Justice Clarence Thomas got a breather this week as Justice Sam Alito tapped in to be the most corrupt justice of the news cycle.
ProPublica broke the news of Alito's never-reported 2008 luxury Alaskan fishing trip, bankrolled by a bajillionaire GOP donor who has had multiple cases before the Court, from which Alito has never recused himself.
Similar to real estate titan Harlan Crow's seemingly endless largesse to Thomas, hedge fund manager Paul Singer bankrolled the trip, including the private jet commute.
In a most Alito-esque turn, the justice penned a waspish op-ed in the Wall Street Journal to prebut the report after refusing to answer ProPublica's questions directly.
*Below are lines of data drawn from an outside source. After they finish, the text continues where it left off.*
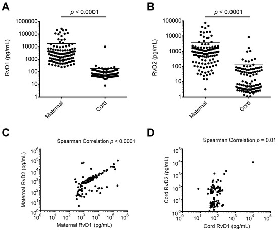 Recent preclinical and clinical investigations indicate a potential increase in circulating lipid mediator precursors in maternal blood in late pregnancy and during childbirth [21,22]. However, the levels of RvD1 and RvD2 in maternal-fetal circulation at the time of delivery have not been reported. Using maternal and cord blood plasma samples taken upon admission for delivery and at childbirth, respectively, we assessed the levels of DHA-derived SPM RvD1 and RvD2. As shown in Figure 1A,B, the median maternal blood plasma levels of RvD1 and RvD2 were 2617 pg/mL and 819.0 pg/mL, respectively. The median cord blood plasma levels of RvD1 and RvD2 were 61.0 pg/mL and 6.4 pg/mL, respectively. Maternal plasma levels of RvD1 and RvD2 were both significantly higher than measured cord blood plasma levels (p < 0.0001 for each analysis). As shown in Figure 1C, maternal RvD1 and RvD2 levels were strongly correlated, while cord blood RvD1 and RvD2 levels were also positively correlated (Figure 1D).
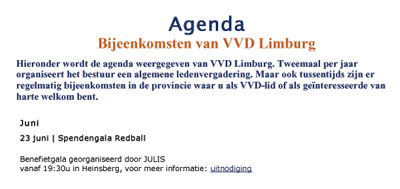 VVD (Volkspartij voor Vrijheid en Democratie) Limburg / Niederlande: "Spendengala Redball - Benefietgala georganiseerd door JULIS"; Pressebericht zur Redball Spendengala 2007
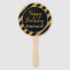 Éventail Bandes noires et or avec fête d'anniversaire blanc
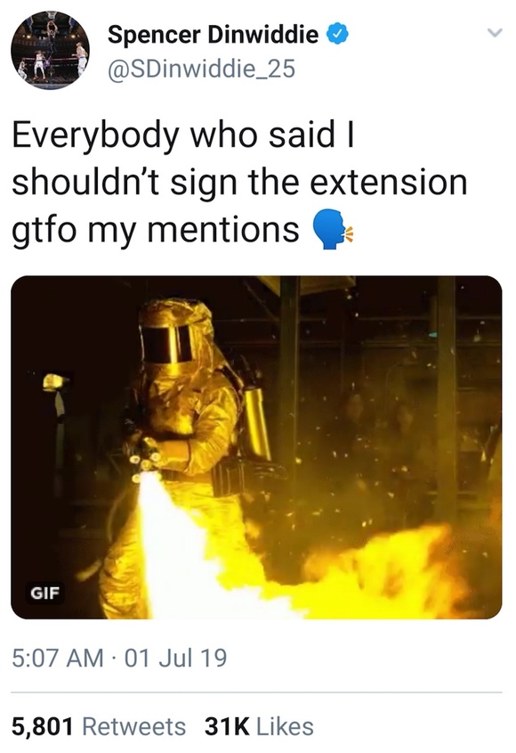 布鲁克林篮网后卫斯潘塞·丁威迪今天更新了个人推特:“当初谁说我不该续约篮网来着,别让我看见你。”
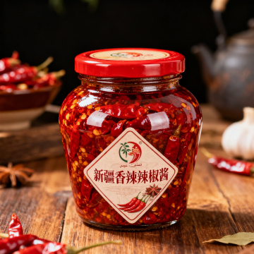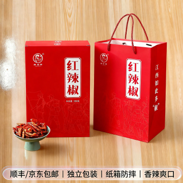 [主图 1 点击率首图] 康佬俵红辣椒产品主图,香辣脆口零食。高饱和吸睛风格,食欲感满满。主体是红辣椒包装盒居中放置,前景摆放一碗装满酥脆红辣椒的青瓷高足碗,木质桌面背景,自然暖调逆光突出红辣椒油亮质感,红辣椒表面芝麻颗粒清晰诱人。主标题文案"香辣爽口 康佬俵红辣椒" 红色加粗无衬线字体,左上角悬浮。右上角标签文案"顺丰/京东包邮"红色底白色字。底部四个卖点横向排列"独立包装 | 纸箱包装不易变形 | 香辣酥脆 | 原产地直供",字体黑色,整体构图左文右图平衡,1:1构图,背景全屏无边框,高饱和红色调,专业品质感,符合淘宝天猫平台规范。
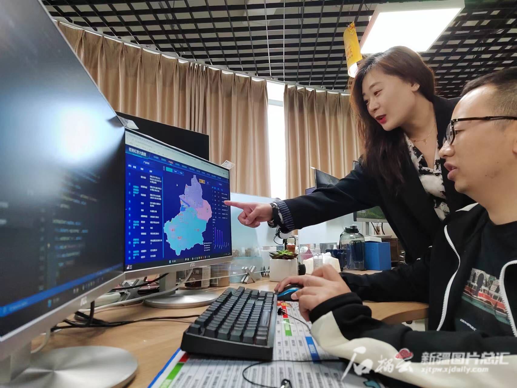 在克拉玛依云计算产业园的新疆七色花信息科技有限公司,工作人员正在查看系统数据 。石榴云/新疆日报记者 热依达摄
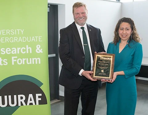 MSU Spartan students have spoken. Ilce Medina-Meza was voted the Undergraduate Research Mentor of the Year – an honor presented during the University Undergraduate Research and Arts Forum (UURAF) in April.
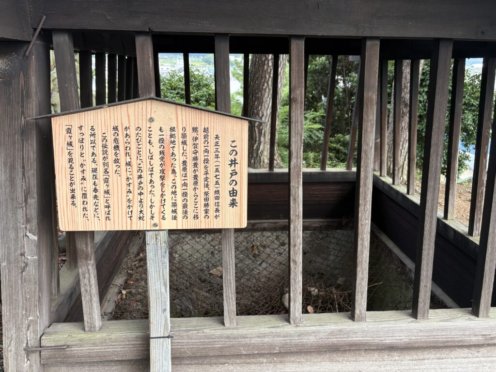 一向一揆の残党が攻め寄せてきた際、井戸から大蛇が現れ、城を霞で覆って守ったと言われています。
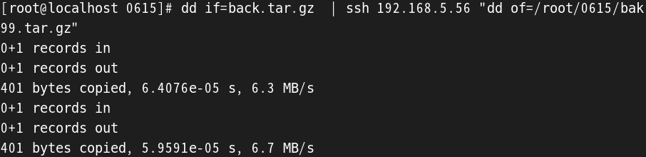 dd if=back.tar.gz | ssh 192.168.5.56 "dd of=/root/0615/bak99.tar.gz"
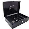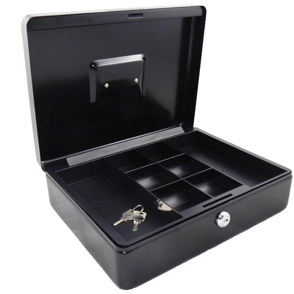 Strong metal 12 inch cash box for secure storage of cash, valuables, and important documents.

Humorously, he seemed to find that the best way to turn back the accusations of corruption was to argue that his luxury vacation in the pristine Alaskan wilderness was not, really, that great.
"I stayed for three nights in a modest one-room unit at the King Salmon Lodge, which was a comfortable but rustic facility," he seethes. One-room! Rustic! The humanity!
"As I recall, the meals were homestyle fare," he zings. My condolences to the chef.
"I cannot recall whether the group at the lodge, about 20 people, was served wine, but if there was wine it was certainly not wine that costs $1,000," he huffs. And as the saying goes, $900 wine makes life simply not worth living.
The Court has virtually no ethical checks except those it imposes upon itself. In a colossal shock, that complete lack of accountability and oversight has let corruption fester.
In a perfect encapsulation of today's right-wing judicial movement, one figure keeps cropping up in these reports: the Federalist Society's Leonard Leo. Like a bespeckled spider, he sits at the center of his web, waiting to dangle a private jet ride or a yacht trip or a ludicrously massive salmon before anyone who has the power and amenability to help craft his world order.